The talk first describes an empirical approach to approximate a given matrix by a fast linear transform through numerical optimization. The main idea is to write fast linear transforms as products of few sparse factors, and to iteratively optimize over the factors. This corresponds to training a sparsely connected, linear, deep neural network. Learning algorithms exploiting iterative hard-thresholding have been shown to perform well in practice, a striking example being their ability to somehow “reverse engineer” the fast Hadamard transform. Yet, developing a solid understanding of their conditions of success remains an open challenge.
In a second part, we study the expressivity of sparsely connected deep networks. Measuring a network’s complexity by its number of connections, we consider the class of functions which error of best approximation with networks of a given complexity decays at a certain rate. Using classical approximation theory, we show that this class can be endowed with a norm that makes it a nice function space, called approximation space. We establish that the presence of certain “skip connections” has no impact of the approximation space, and discuss the role of the network’s nonlinearity (also known as activation function) on the resulting spaces, as well as the benefits of depth.

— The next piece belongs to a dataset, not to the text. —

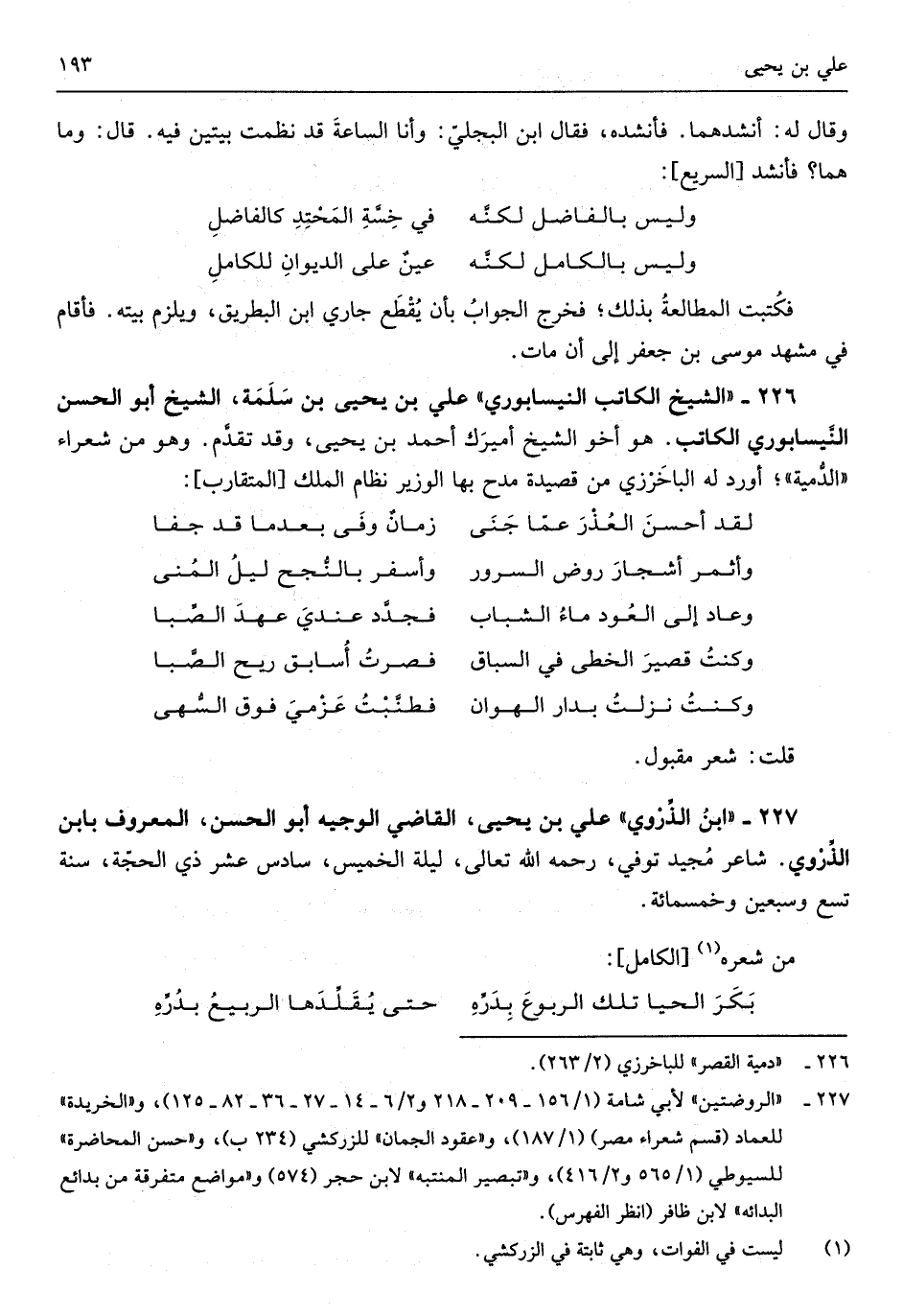 عَليّ بن يحيى القَاضِي الْوَجِيه أَبُو الْحسن الْمَعْرُوف بِابْن الذِّرْوي شَاعِر مُجيد توفّي رَحمَه الله تَعَالَى لَيْلَة الْخَمِيس سادس عشر ذِي الحجّة سنة تسع وَسبعين وَخمْس مائَة وَمن شعره

For the popular ReLU nonlinearity (as well as its powers), we relate the newly identified spaces to classical Besov spaces, which have a long history as image models associated to sparse wavelet decompositions. The sharp embeddings that we establish highlight how depth enables sparsely connected networks to approximate functions of increased “roughness” (decreased Besov smoothness) compared to shallow networks and wavelets.
Joint work with Luc Le Magoarou (Inria), Gitta Kutyniok (TU Berlin), Morten Nielsen (Aalborg University) and Felix Voigtlaender (KU Eichstätt).